Advanced Techniques for Optimizing Apache Iceberg Lakehouse Performance
Apache Iceberg is enjoying rapid adoption in the data lake ecosystem, as engineers discover the benefits of a data warehouse-like experience on their lakes.
In a recent webinar, hosted by Upsolver’s Jason Hall , we explored how you can optimize your Iceberg lakehouse to keep performance high and costs low.
Read on to discover Jason’s top tips for keeping your lakehouse running at full speed.
Objectives
1 - Explore the underlying components that make Iceberg work
2 - Discover considerations and techniques to improve Iceberg performance
3 - Learn where Upsolver fits into the Iceberg Lakehouse architecture.
1. What is a Lakehouse?
Fundamentally, a lakehouse extends the concept of a data lake to provide metadata management and a more warehouse-like experience on data.
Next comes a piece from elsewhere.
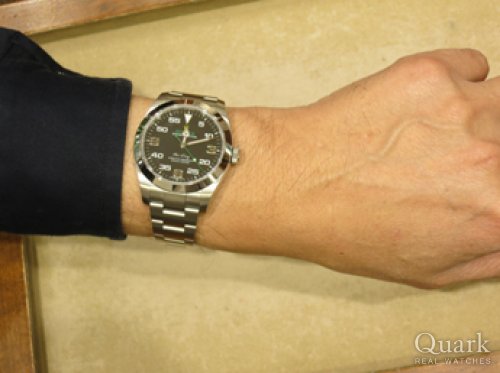 今まで使用していたGMT-MASTER IIが少し奇抜でもう少し使い易い時計を探していました。たまたまAir-Kingがお店にあり、デザインも気に入ったので購入を決めました。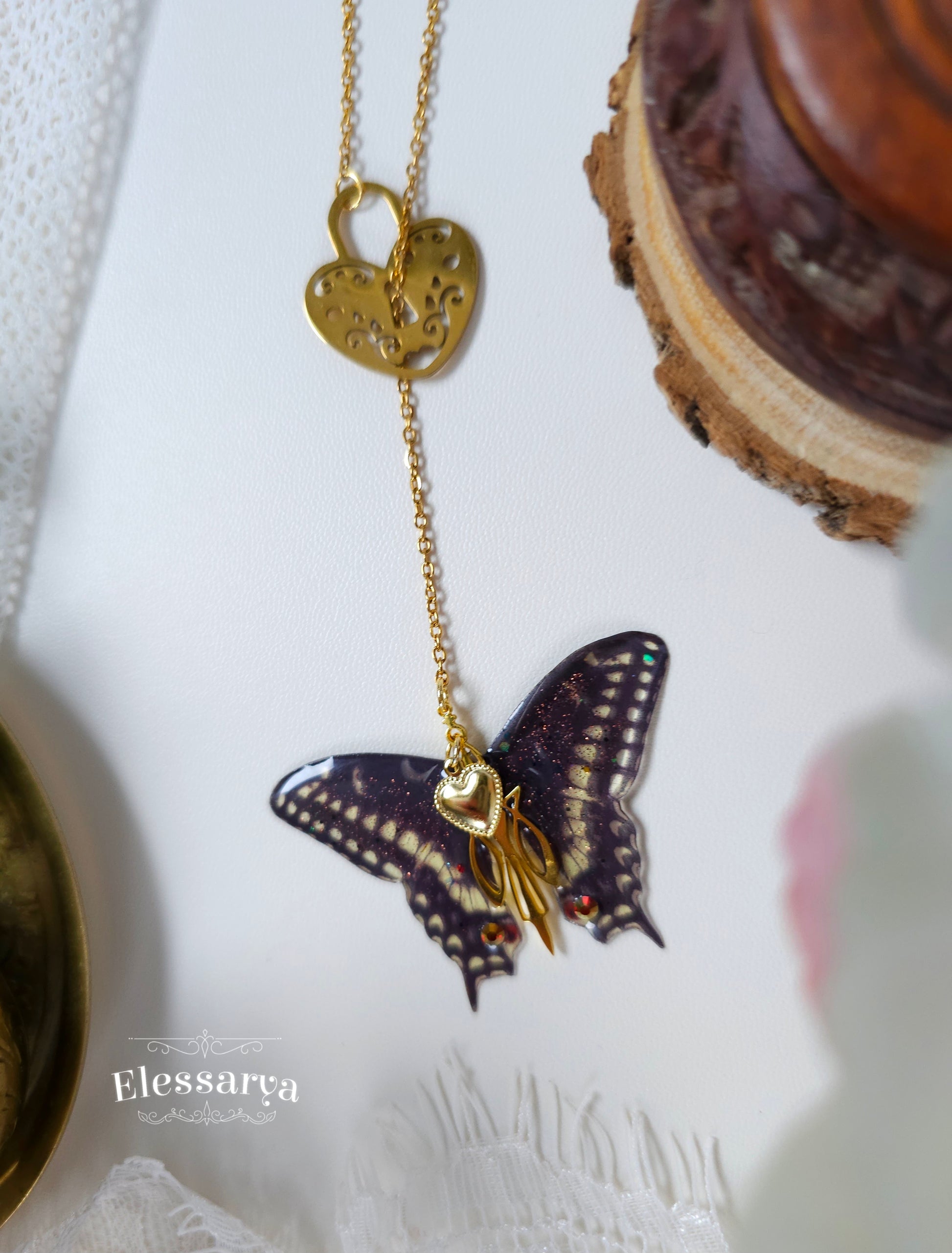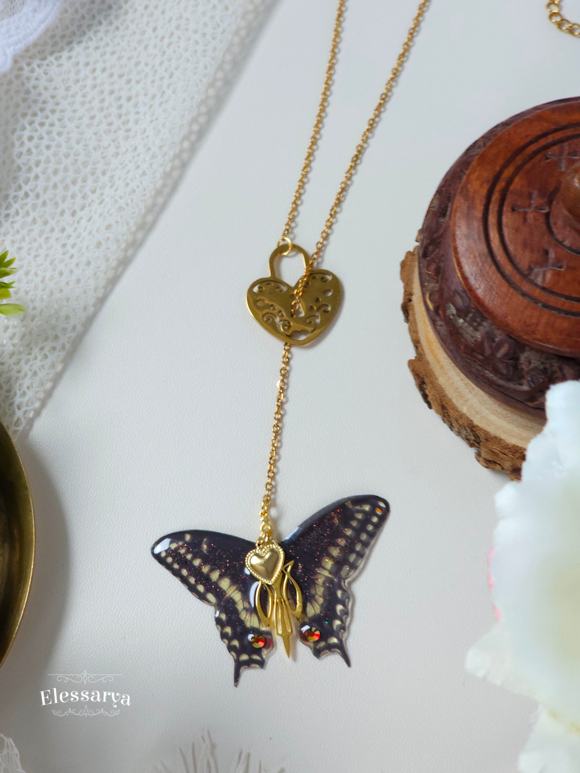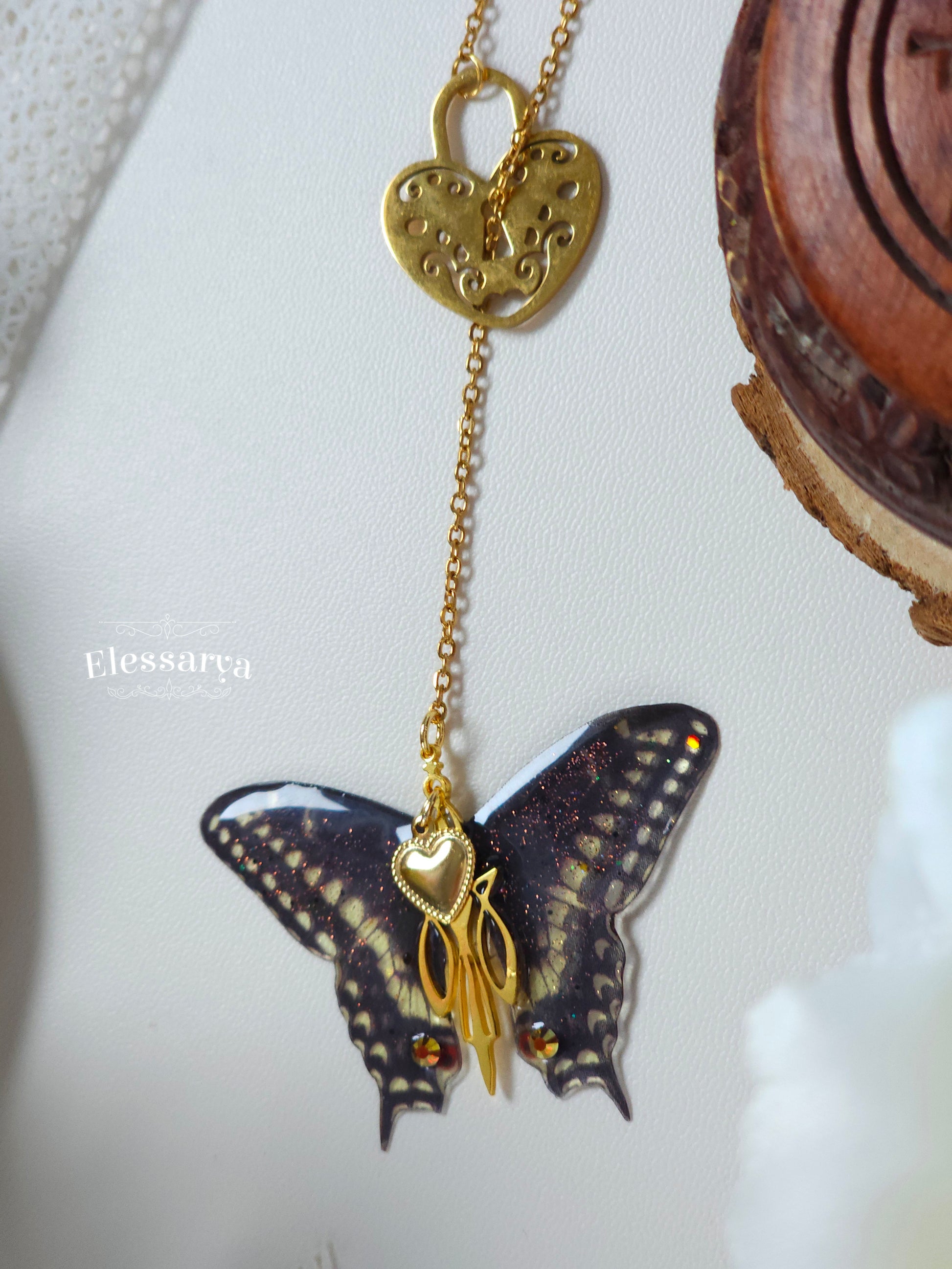 Pandantivul în formă de fluture, realizat din rășină non-toxică, are un finisaj negru mat, profund și misterios. Contrastul dintre negrul catifelat și accentele aurii creează o bijuterie elegantă, cu aer simbolic: transformare, libertate și dragoste care nu constrânge. Micile detalii aurii completează compoziția cu rafinament, fără a-i lua din delicatețe.

If you think of your data lake, it’s just a bucket of files with no real organization to them, a lakehouse adds the organization and metadata schema management that’s missing, along with access control, and transactional support.
Until the rise of the open table format introduced with lakehouse architecture, many of the common features you’re no doubt familiar with from the database or warehouse worlds, have been cumbersome to manage on data lakes.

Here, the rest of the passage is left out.